From grown ups to school kids, all should be able to contribute to resolve issues.
Such as that collaborative site where people fold atomic structures to come up with inovative strands of chemicals that help cure diseases and so on.
So for example - say we need a formula to work out some kind of physics problem, like teletransportation or something. The site can have all the currently available stuff on there and in various formats, either written down or in graphic format. This way anyone on earth can work to solve snags.
The same could work for all other issues.
Usually things get discovered where you least expect and genius isn't taught in school.

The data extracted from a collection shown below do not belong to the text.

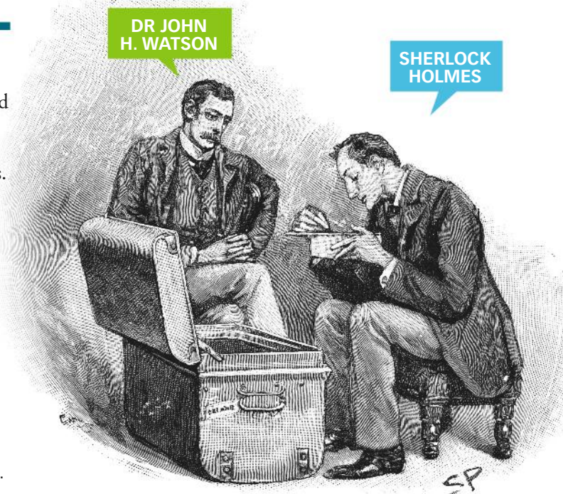
DR JOHN H. WATSON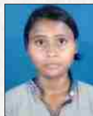
Jyoti MMV 91.44%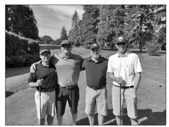
Delta Omicron alumni gather for a round of golf during the weekend of the Vandal vs. University of Washington football game.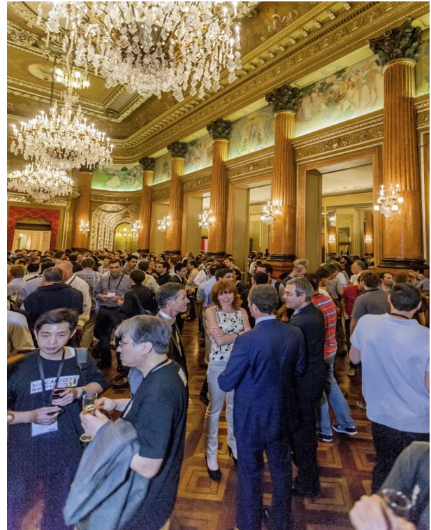
Reception at the Palais Sarde

difficulties to predict, analyse or control organ deformations and to adjust in real-time the robotic movements. The evolution of surgery thus needs a revolution to overcome all these current limits. This revolution will consist in combining the best aspects of minimally invasive techniques from separate specialties, image analysis techniques, patient-specific simulation, augmented reality and robotics. The resulting approach will lead to image-guided minimally invasive hybrid surgery.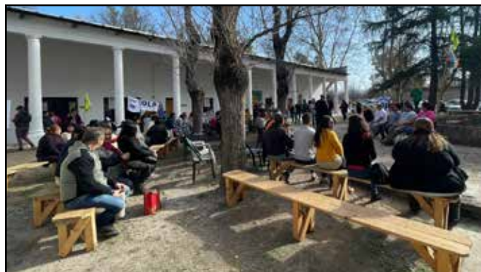
A symbolic site that has been transformed by the community into a space of life, memory, and hope.

El Refugio Libertad received Honorable Mention in the 2025 MacJannet Prize. The Refugio Libertad of Los Molinos, located in the province of Córdoba, Argentina, is a symbolic site that has been transformed by the community into a space of life, memory, and hope. This area, once a clandestine detention center during the last military dictatorship, now hosts a variety of community initiatives, ranging from gardens to educational projects.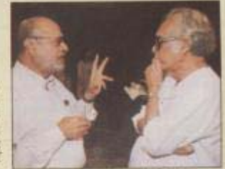
Shyam Benegal and Mrinal Sen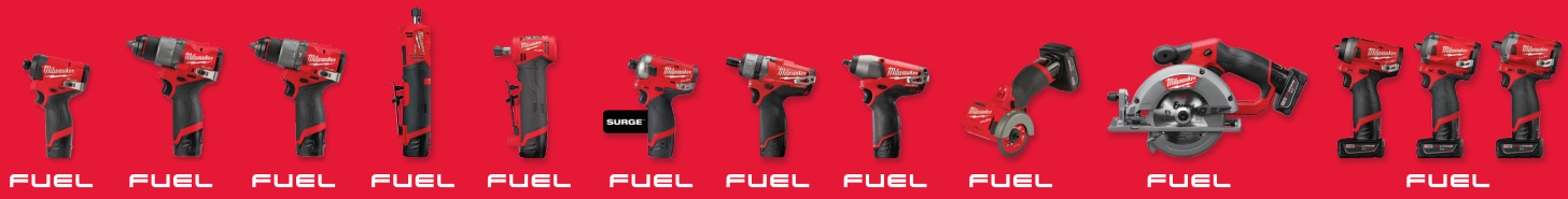
FUEL FUEL FUEL FUEL FUEL FUEL SURGE FUEL FUEL FUEL FUEL FUEL FUEL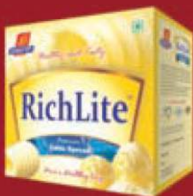
Table Spread Mixed Fat Spread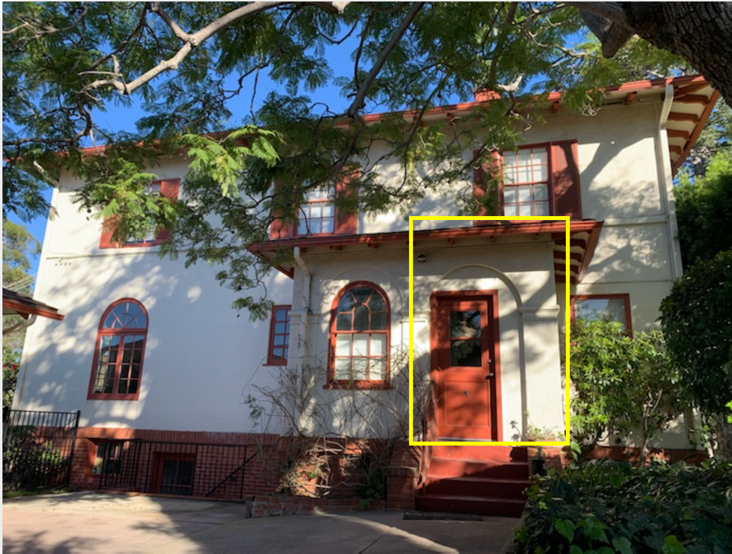
West elevation with enclosed porch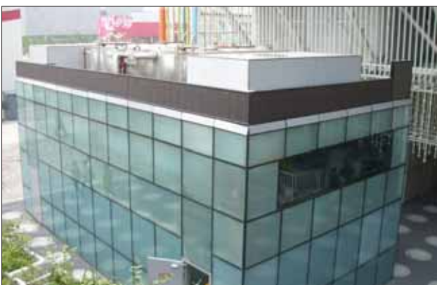
Fig 5 - Solar thermal Kalina Cycle® power plant demonstration - EXPO 2010 Shanghai, China.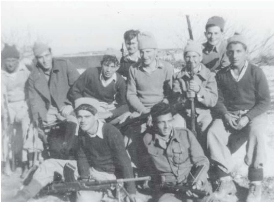
Members of a Palmach military unit Palestine 1948.

The USSR provided the wherewithal for the Zionist underground, including not only weapons but also training. At the time The New York Herald Tribune ran a report on the “Stern Gang” which identified this extreme Zionist terrorist faction as having communist origins: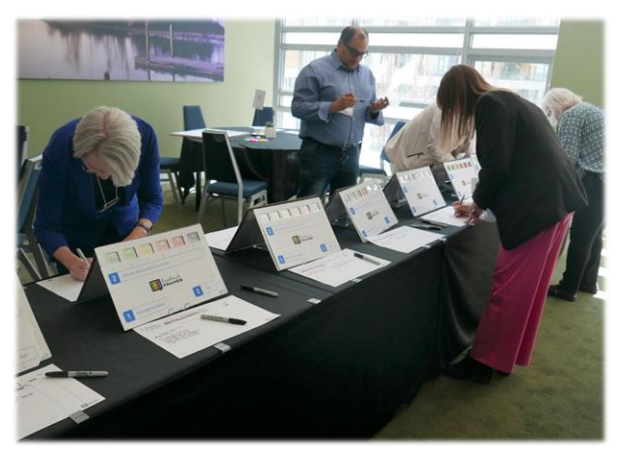
Voting on priorities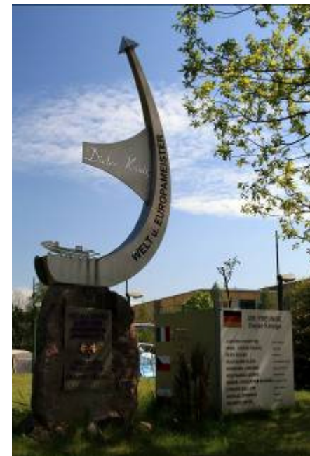
Denkmal für Dieter König Monument to Dieter König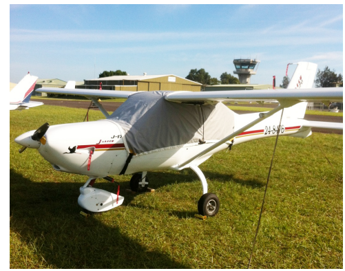
Jabiru 170 Canopy Cover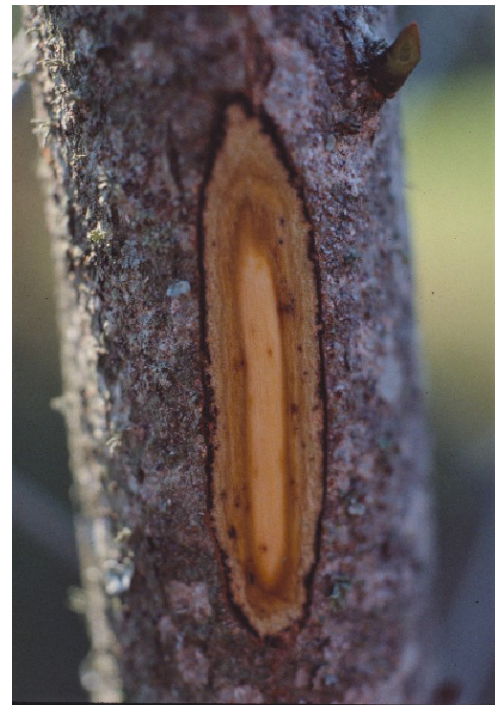
Figure 10. Damage from scale under the bark.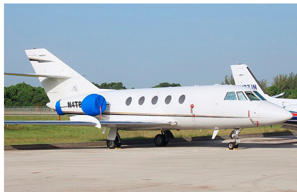
Falcon Engine Cover & Cockpit HeatShields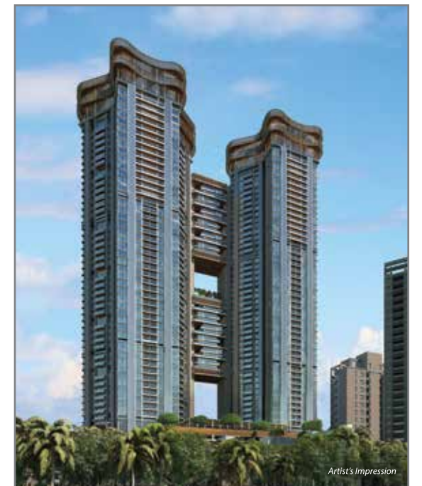
25 South, Prabhadevi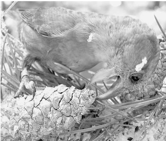
Figure 1. This shows a male type 9 or South Hills crossbill biting between lodgepole pine cone scales so that he can then laterally abduct (spread) his lower mandible to the side (see fig. 2). Crossbills generally forage near the distal end of the cones where most of the seeds are located.

Bill size, especially bill depth, determines how fast crossbills can remove seeds from between closed cone scales, whereas the structure of the horny palate of the upper mandible is critical for husking seeds (Benkman 1993). Crossbills have evolved bill and body sizes that are about two to three times larger than their redpoll-like ancestors. The large bill and associated musculature are critical for providing the necessary forces for spreading apart cone scales and extracting seeds from closed or partly closed cones. However, the conifer seeds that crossbills regularly eat are on average rather small. Thus, crossbills have evolved a horny palate structure that enables them to handle small seeds quickly (Benkman 1988). In particular, the lateral grooves in the palate of the upper mandible are narrower than in other cardueline finches, allowing crossbills to secure small seeds with their tongue while they crack and remove the seed coat with their lower mandible.

Some people have incredible spatial capabilities and are able to picture solutions to problems without knowing how they did it. So if a problem were to be shown in some kind of spatial form just like in that atom folding site I am almost sure all things can be solved.
Kenneth.Spicer
A space elevator is not that practical actually. It's not a matter of engineering. It is just a really BIG target for some nut bag to blow up. And should that happen, think about the outcome. The cable alone would be made of diamond and wrap 3-4 times around the world. That'll make the dinosaur killing asteroid look like a peble in a pond. A sling shot or rail gun makes more sense. As for this, no direct return on investment, but in developing the tech, we start mining the asteroids and reaping unknown benifits. Absolutely go for it.
Jon A.
The picture of interstellar space that is slowly emerging definitely works in our favor for interstellar travel. That is, interstellar space may have many planet-sized objects in it.
That could make interstellar travel a series of manageable hops, rather than a single very long voyage.
Once you are at the outer edge of the solar system, you might already be halfway to the next stopping point.